__TRY IT__.
Please give back, exactly as written, the lines from the line with "eToro a analizat" to the line with "- Wrap the binding" in the listing below, leaving out all pictures.

__TASK DATA__.
BEGIN
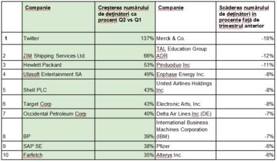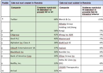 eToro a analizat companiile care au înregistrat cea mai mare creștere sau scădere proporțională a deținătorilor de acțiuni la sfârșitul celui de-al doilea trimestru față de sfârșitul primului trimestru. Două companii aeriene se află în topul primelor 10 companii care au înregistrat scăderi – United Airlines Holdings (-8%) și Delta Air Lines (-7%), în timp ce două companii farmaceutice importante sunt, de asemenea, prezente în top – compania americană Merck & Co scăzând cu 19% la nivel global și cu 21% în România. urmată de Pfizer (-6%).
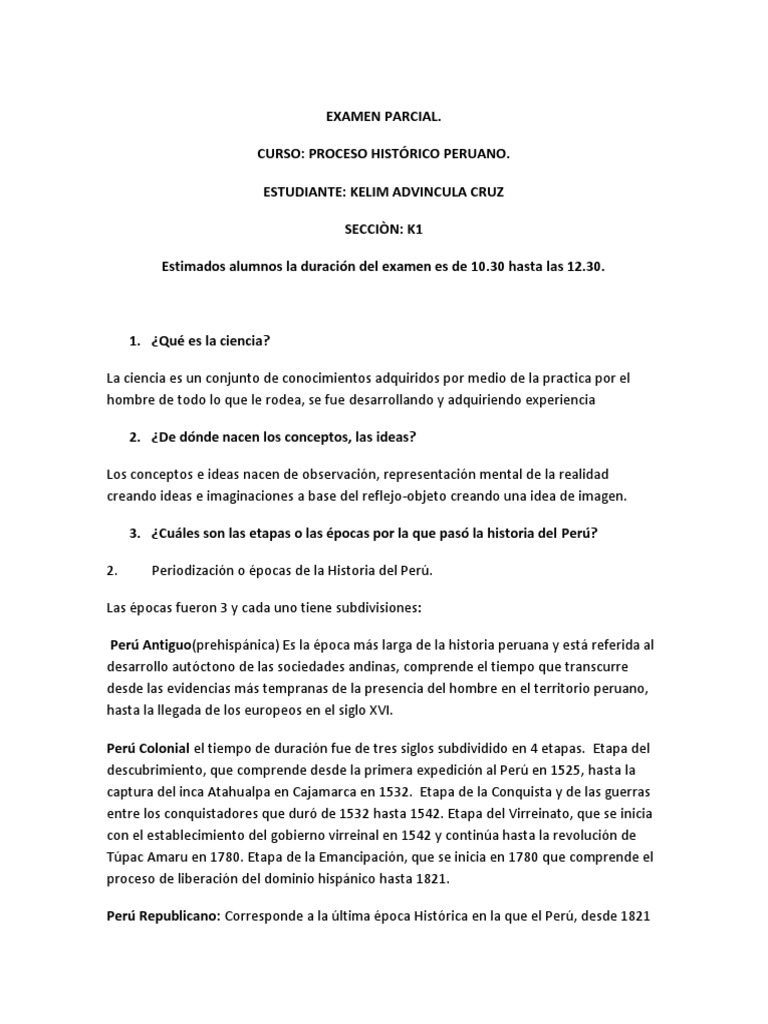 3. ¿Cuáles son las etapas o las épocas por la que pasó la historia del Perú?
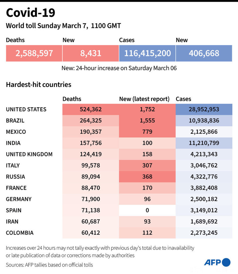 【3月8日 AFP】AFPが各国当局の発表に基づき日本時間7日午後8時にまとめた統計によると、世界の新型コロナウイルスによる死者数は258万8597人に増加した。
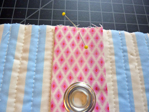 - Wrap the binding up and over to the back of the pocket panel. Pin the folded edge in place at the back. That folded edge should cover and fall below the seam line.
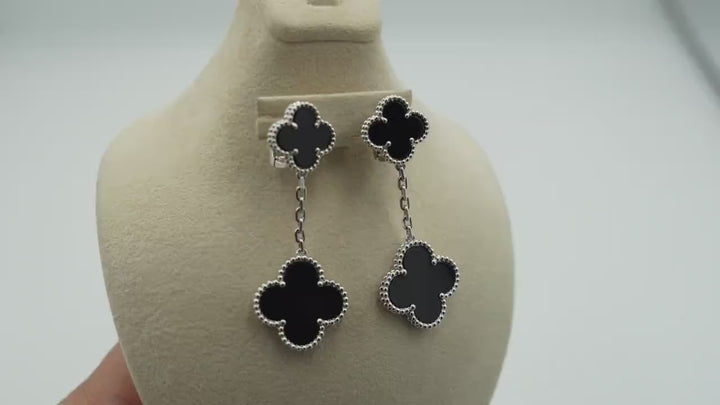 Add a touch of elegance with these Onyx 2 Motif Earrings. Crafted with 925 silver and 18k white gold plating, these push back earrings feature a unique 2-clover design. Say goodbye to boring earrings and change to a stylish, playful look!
END
BEGIN
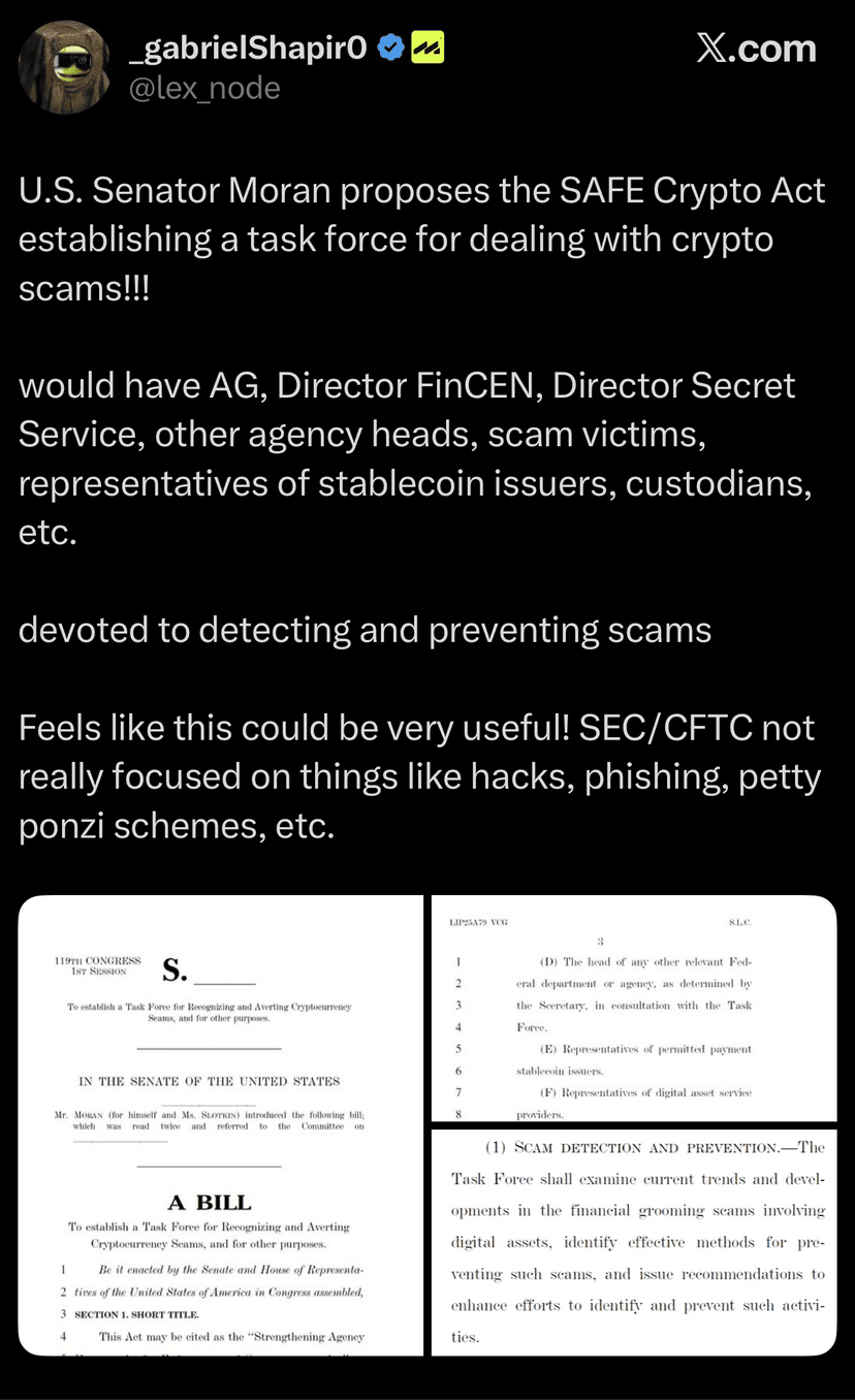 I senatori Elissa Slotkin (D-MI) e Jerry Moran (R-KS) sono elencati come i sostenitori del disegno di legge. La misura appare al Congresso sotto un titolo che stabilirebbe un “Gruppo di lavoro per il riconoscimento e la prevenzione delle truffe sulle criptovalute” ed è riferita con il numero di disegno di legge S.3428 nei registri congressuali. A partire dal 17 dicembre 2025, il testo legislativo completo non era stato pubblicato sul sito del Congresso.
END
__RESPONSE FOR THIS EXERCISE__.
 eToro a analizat companiile care au înregistrat cea mai mare creștere sau scădere proporțională a deținătorilor de acțiuni la sfârșitul celui de-al doilea trimestru față de sfârșitul primului trimestru. Două companii aeriene se află în topul primelor 10 companii care au înregistrat scăderi – United Airlines Holdings (-8%) și Delta Air Lines (-7%), în timp ce două companii farmaceutice importante sunt, de asemenea, prezente în top – compania americană Merck & Co scăzând cu 19% la nivel global și cu 21% în România. urmată de Pfizer (-6%).
 3. ¿Cuáles son las etapas o las épocas por la que pasó la historia del Perú?
 【3月8日 AFP】AFPが各国当局の発表に基づき日本時間7日午後8時にまとめた統計によると、世界の新型コロナウイルスによる死者数は258万8597人に増加した。
 - Wrap the binding up and over to the back of the pocket panel. Pin the folded edge in place at the back. That folded edge should cover and fall below the seam line.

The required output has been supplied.